### Goal of the exercise
Copying rule for the data below: pictures stay out, and only the lines from the one with "Переписка в чате" down to the one with "Eine weitere Überraschung", inclusive, are repeated exactly.

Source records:
▬▬▬

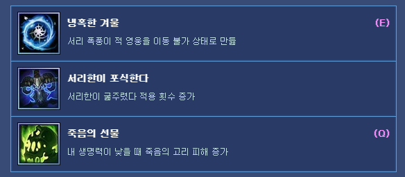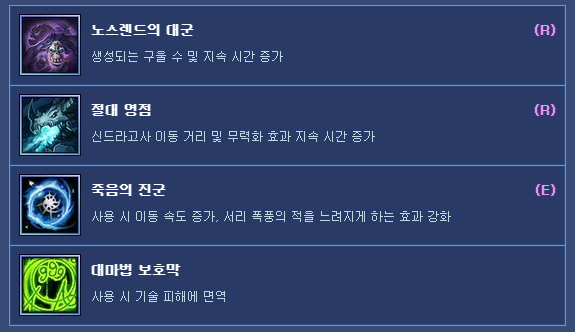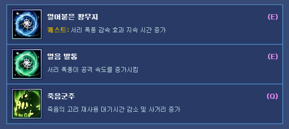 죽음의 진군 : 주력특, 사용시로 되있지만 찍기만 해도 이속이 늘어나고 슬로우가 엄청나게 강해짐
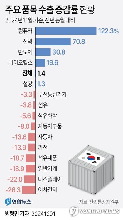(서울=연합뉴스) 원형민 기자 = 한국의 11월 수출이 1.4% 증가하면서 수출이 14개월 연속 증가세를 유지했다.
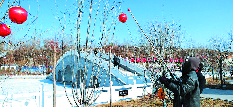 臨夏市在公園和道路主干道等處懸掛各式燈籠、彩色網(wǎng)燈、營造歡樂祥和的喜慶氛圍
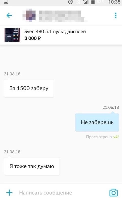Переписка в чате Авито самое классная часть взаимоотношений между продавцом и покупателем. Тут меньше лжи, чем в офлайн магазине. Больше открытости и справедливости. Порой получаешь огромное удовольствие не от самой продажи товара или услуги, а от диалога в чате. Присаживайтесь по удобнее. Подборка переписок на Авито к вашему вниманию:
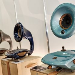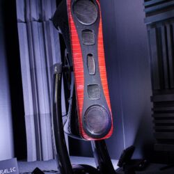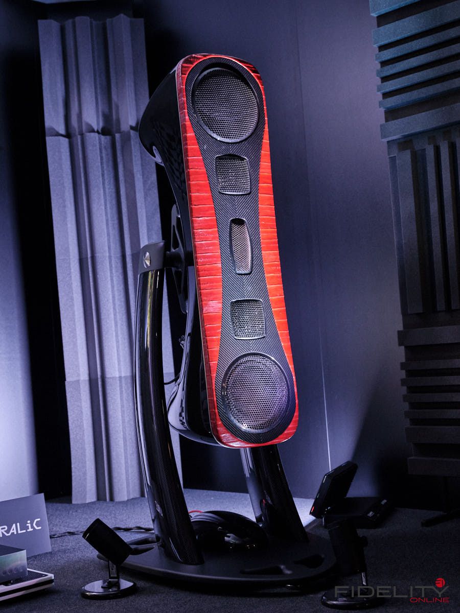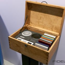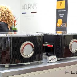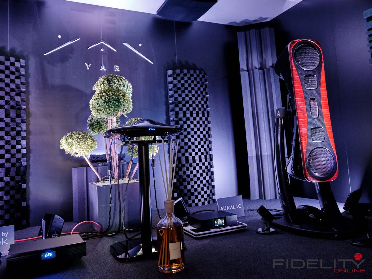 Eine weitere Überraschung war für uns YAR Audio aus Turin in Italien. Ein Name, den wir bis dahin nicht wahrgenommen hatten. YAR hatte ein komplett eigenes System, bestehend aus Lautsprecher und einem hybriden Röhren-, Transistorverstärker in der Vorführung. Erschwerend für eine perfekte Vorführung war sicher der Vorführcontainer im Erdgeschoss – sollte man meinen. Der YAR Kette machte das aber überhaupt nichts aus. Dreidimensional, entspannt, ja geradezu lustvoll war die Darbietung, so lustvoll das man sich fragt: „Wie machen die das“? Hier hielt sich YAR aber vornehm zurück! Es wurde immer die Carbon-Bauweise in Verbindung mit edelstem Leder und exotischen Hölzer in den Vordergrund geschoben. Zum technischen Konzept hielt man sich bedeckt. Da versuchen wir dran zu bleibe.
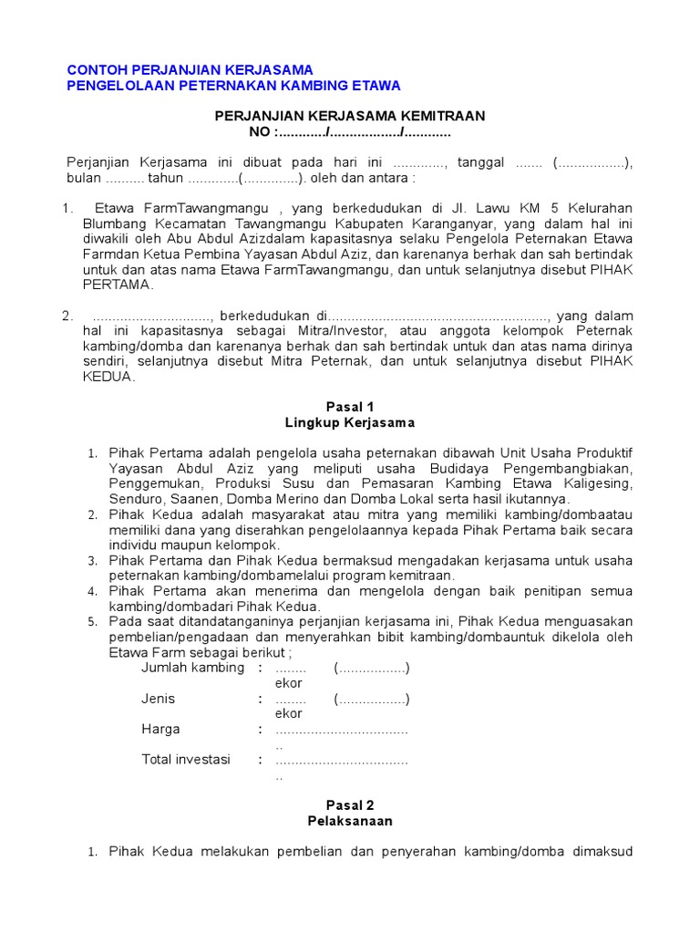Contoh surat perjanjian kerjasama usaha peternakan. Pasal 2 pihak kedua memberikan keuntungan dari penjualan sebesar 5 atau rp. Dengan contoh pembelian rp600000. 15 contoh surat perjanjian kerjasama berbagai bidang sebagai suatu perusahaan yang ingin cepat berkembang maka tentu sebuah perusahaan tidak bisa berdiri sendiri tanpa ikatan dengan perusahaan lain. Sebuah surat perjanjian usaha yang baik setidaknya harus memuat elemen elemen berikut. 0811 56 1982 surat perjanjian kerjasama usahadalam menjalankan sebuah usaha bersama haruslah terdapat perjanjian resmi hitam putih diatas materai yang ditandatangani oleh kedua belah pihak. Mungkin hanya itu saja untuk contoh surat perjanjian kerjasama usaha secara lengkap yg sekiranya kami dapat sajikan kpd anda pada kesempatan hari ini semoga saja dari contoh surat perjanjian kerjasama yg baru saja kami bahas diatas tadi itu dpt membantu anda anda sekalian.

▬▬▬

### Solution to this task
Переписка в чате Авито самое классная часть взаимоотношений между продавцом и покупателем. Тут меньше лжи, чем в офлайн магазине. Больше открытости и справедливости. Порой получаешь огромное удовольствие не от самой продажи товара или услуги, а от диалога в чате. Присаживайтесь по удобнее. Подборка переписок на Авито к вашему вниманию:
 Eine weitere Überraschung war für uns YAR Audio aus Turin in Italien. Ein Name, den wir bis dahin nicht wahrgenommen hatten. YAR hatte ein komplett eigenes System, bestehend aus Lautsprecher und einem hybriden Röhren-, Transistorverstärker in der Vorführung. Erschwerend für eine perfekte Vorführung war sicher der Vorführcontainer im Erdgeschoss – sollte man meinen. Der YAR Kette machte das aber überhaupt nichts aus. Dreidimensional, entspannt, ja geradezu lustvoll war die Darbietung, so lustvoll das man sich fragt: „Wie machen die das“? Hier hielt sich YAR aber vornehm zurück! Es wurde immer die Carbon-Bauweise in Verbindung mit edelstem Leder und exotischen Hölzer in den Vordergrund geschoben. Zum technischen Konzept hielt man sich bedeckt. Da versuchen wir dran zu bleibe.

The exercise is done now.